Aquel tosco hombre de las montañas se da cuenta de su inhabilidad para entender las intrigas de los diplomáticos y de los políticos que vienen a plantearle sus problemas y a pedirle favores. Los sencillos monjes celestinos y los franciscanos llamados “espirituales” que conforman el séquito del papa anacoreta, no son los más adecuados consejeros que Celestino necesita, y cada vez se siente más confundido e incapaz de entender y atender los muchos y complicados asuntos en los que debe dar su parecer. Desconoce las leyes y no sabe nada de derecho canónico; apenas entiende un poco del latín en el que se redactan todos los documentos eclesiásticos, y no está seguro de lo que sancionan los decretos que él debe firmar con su sagrada autoridad.

Por creer demasiado en la bondad y buena intención de todos los que lo rodean, deja que éstos se aprovechen de su “simple” inocencia. Hasta llega a nombrar a tres personas diferentes para un mismo cargo, y cuando el Rey Carlos lo sugiere, crea de un golpe 12 nuevos cardenales; siete de ellos franceses, algunos de los cuales son parientes y amigos del monarca, y otros, monjes de su propia congregación.

Pronto comprende Celestino V que la piedad y la buena voluntad no bastan para gobernar a la Iglesia de Cristo, y decide prudentemente consultar el parecer de los expertos.
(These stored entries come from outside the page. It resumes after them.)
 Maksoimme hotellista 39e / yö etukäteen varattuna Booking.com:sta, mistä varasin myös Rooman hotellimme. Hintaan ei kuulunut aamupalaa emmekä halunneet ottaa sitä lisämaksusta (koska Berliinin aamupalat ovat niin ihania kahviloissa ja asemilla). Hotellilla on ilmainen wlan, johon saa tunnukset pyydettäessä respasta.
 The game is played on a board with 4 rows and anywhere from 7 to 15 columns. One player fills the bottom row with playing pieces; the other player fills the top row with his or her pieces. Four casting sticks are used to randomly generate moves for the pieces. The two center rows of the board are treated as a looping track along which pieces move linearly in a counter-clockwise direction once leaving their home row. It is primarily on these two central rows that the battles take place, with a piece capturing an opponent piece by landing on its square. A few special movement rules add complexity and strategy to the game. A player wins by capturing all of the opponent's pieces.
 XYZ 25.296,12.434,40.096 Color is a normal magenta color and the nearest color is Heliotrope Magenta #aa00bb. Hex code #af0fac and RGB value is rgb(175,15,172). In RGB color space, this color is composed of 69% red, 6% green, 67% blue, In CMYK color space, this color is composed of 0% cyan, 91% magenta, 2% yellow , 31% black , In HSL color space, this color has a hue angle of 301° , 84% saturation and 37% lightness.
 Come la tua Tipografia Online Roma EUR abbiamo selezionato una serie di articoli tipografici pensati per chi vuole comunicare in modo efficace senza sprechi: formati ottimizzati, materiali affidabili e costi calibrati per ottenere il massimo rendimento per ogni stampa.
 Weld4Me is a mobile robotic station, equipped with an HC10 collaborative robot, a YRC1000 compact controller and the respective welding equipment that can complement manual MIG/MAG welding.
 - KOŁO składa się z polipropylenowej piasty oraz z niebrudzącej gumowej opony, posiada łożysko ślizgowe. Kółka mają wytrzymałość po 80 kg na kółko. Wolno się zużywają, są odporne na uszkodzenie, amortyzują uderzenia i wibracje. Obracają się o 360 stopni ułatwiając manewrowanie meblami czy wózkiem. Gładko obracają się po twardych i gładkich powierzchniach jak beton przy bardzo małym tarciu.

Llama al Cardenal Benedicto Caetani, un jurista, el más reconocido conocedor del derecho de la Iglesia, quien busca los argumentos legales y redacta la bula de dimisión que el papa firmará.

El 13 de diciembre de 1294, apenas a cinco meses de su elección, Celestino V convoca al colegio de cardenales y al pueblo.
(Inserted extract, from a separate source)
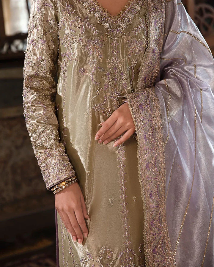 Elevate your style quotient with our silk ensemble featuring hand-embellished details. The meticulous craftsmanship reveals an interplay of sequins, pearls, and metallic accents, illuminating every movement.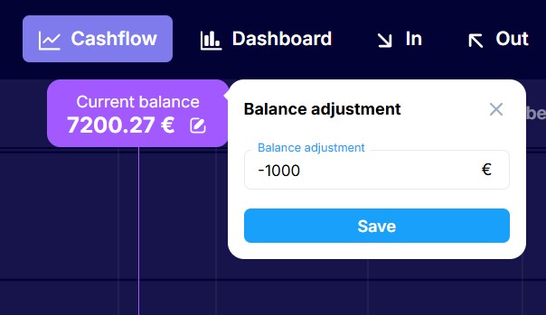 Therefore we have introduced an option to apply an automatic adjustment. Just click on the pencil icon next to Current balance displayed in the Cashflow section and you will be able to add an adjustment:

Lentamente, y con convicción, “el Papa Angélico” da lectura al Breve pontificio que contiene su renuncia, y uno a uno se despoja de todos los ornamentos, vestiduras y símbolos pontificales.

 

En busca de la paz

Vestido nuevamente con su simple sayal de monje, se sentó en medio de su pueblo y, poco después, partió de regreso a su querido lugar en las montañas.

Sin embargo, poco le duró la paz. Su sucesor, Bonifacio VIII lo llamó de regreso a Roma, para que calmara los ánimos de un grupo fuerte y poderoso que no reconocía su renuncia y quería la vuelta de Celestino al trono de Pedro.

El viejo ermitaño decidió alejarse lo más posible de todo aquel enredo y marchó lejos, a Dalmacia. Pero la situación con los partidarios del papa dimitente fue tal, que Bonifacio VIII decidió hacerlo traer para recluirlo en el castillo de Monte Fumone, en Agnani, donde Pedro Celestino permaneció hasta su muerte, en mayo de 1296.

Cuando sus visitantes se quejaban de verlo encerrado, les decía: “Yo siempre deseé tener una celda llena de silencio y de apartamiento de todo para poder dedicarme a la oración y a la meditación. Y esa celda me la han dado aquí. ¿Qué más puedo pedir?”

Celestino V, el papa santo que renunció, fue canonizado por Clemente V en 1313 y, en contraste con la pobreza con que vivió, se le erigió un magnífico sepulcro en la Iglesia de Santa María di Collemaggio, en Aquila.